Provided records Start Marker

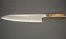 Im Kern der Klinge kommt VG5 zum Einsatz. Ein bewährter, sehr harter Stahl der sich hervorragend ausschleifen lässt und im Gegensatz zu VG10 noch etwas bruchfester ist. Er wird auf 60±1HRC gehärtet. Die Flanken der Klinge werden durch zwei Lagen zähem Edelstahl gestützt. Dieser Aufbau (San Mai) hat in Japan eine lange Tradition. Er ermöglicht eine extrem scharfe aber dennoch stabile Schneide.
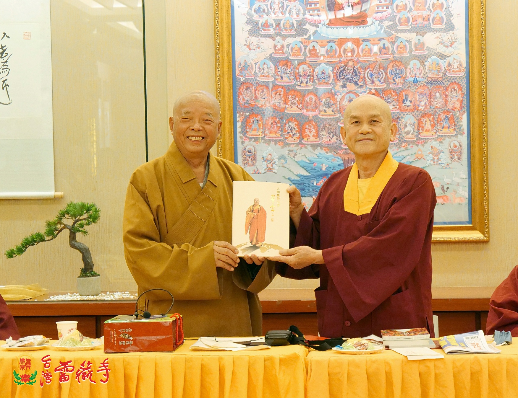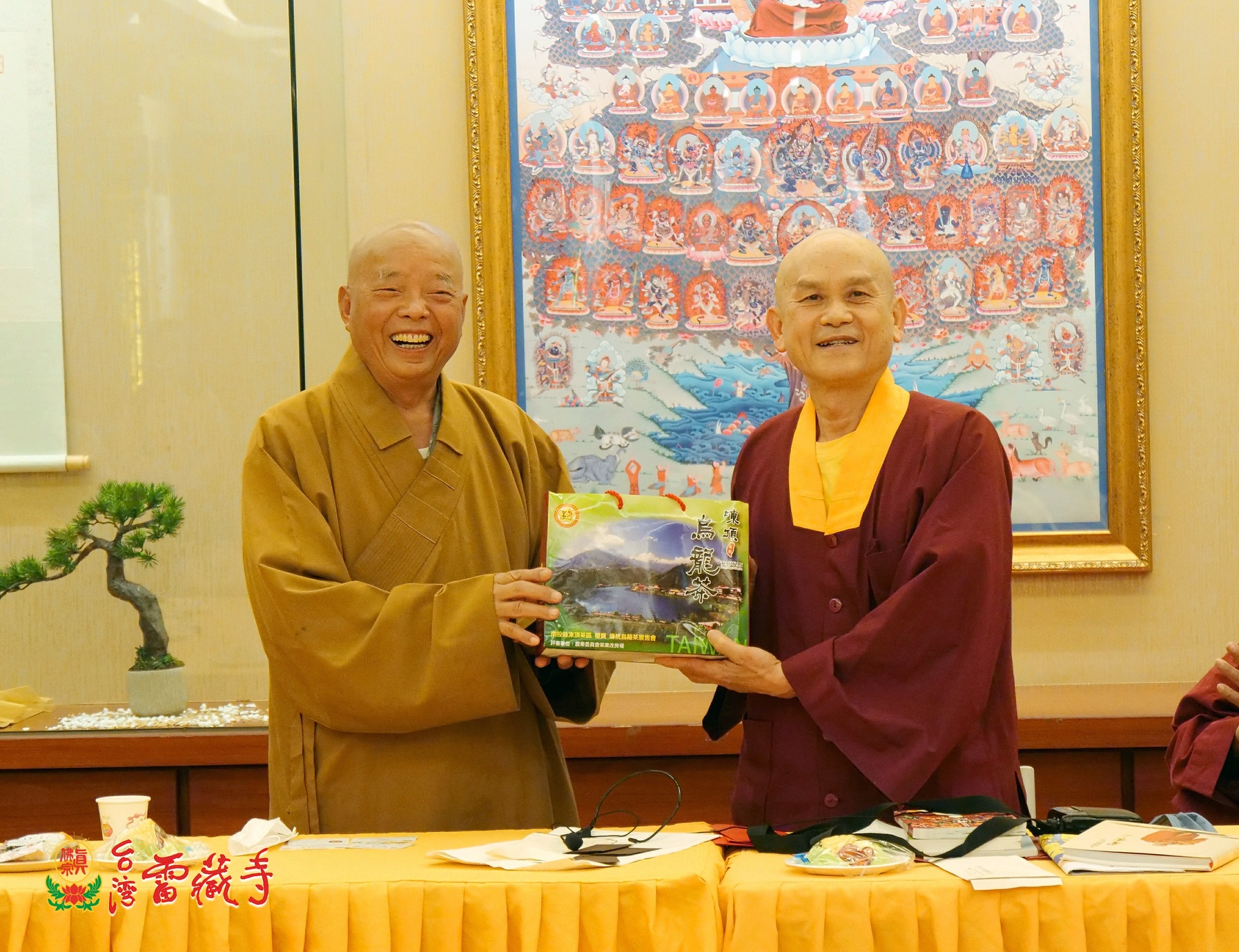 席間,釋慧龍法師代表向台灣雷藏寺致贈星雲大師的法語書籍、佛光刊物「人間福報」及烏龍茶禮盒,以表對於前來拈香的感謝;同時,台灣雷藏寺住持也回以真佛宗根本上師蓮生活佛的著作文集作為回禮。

Provided records End Marker
Provided records Start Marker

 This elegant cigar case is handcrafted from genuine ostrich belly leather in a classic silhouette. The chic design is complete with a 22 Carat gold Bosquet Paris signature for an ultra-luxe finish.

Provided records End Marker

In the listing above, find the line containing "Im Kern der" and the line containing "席間,釋慧龍法師代表向台灣雷", then write out both of them and every line between, exactly, with no pictures.

▶ Task result
 Im Kern der Klinge kommt VG5 zum Einsatz. Ein bewährter, sehr harter Stahl der sich hervorragend ausschleifen lässt und im Gegensatz zu VG10 noch etwas bruchfester ist. Er wird auf 60±1HRC gehärtet. Die Flanken der Klinge werden durch zwei Lagen zähem Edelstahl gestützt. Dieser Aufbau (San Mai) hat in Japan eine lange Tradition. Er ermöglicht eine extrem scharfe aber dennoch stabile Schneide.
 席間,釋慧龍法師代表向台灣雷藏寺致贈星雲大師的法語書籍、佛光刊物「人間福報」及烏龍茶禮盒,以表對於前來拈香的感謝;同時,台灣雷藏寺住持也回以真佛宗根本上師蓮生活佛的著作文集作為回禮。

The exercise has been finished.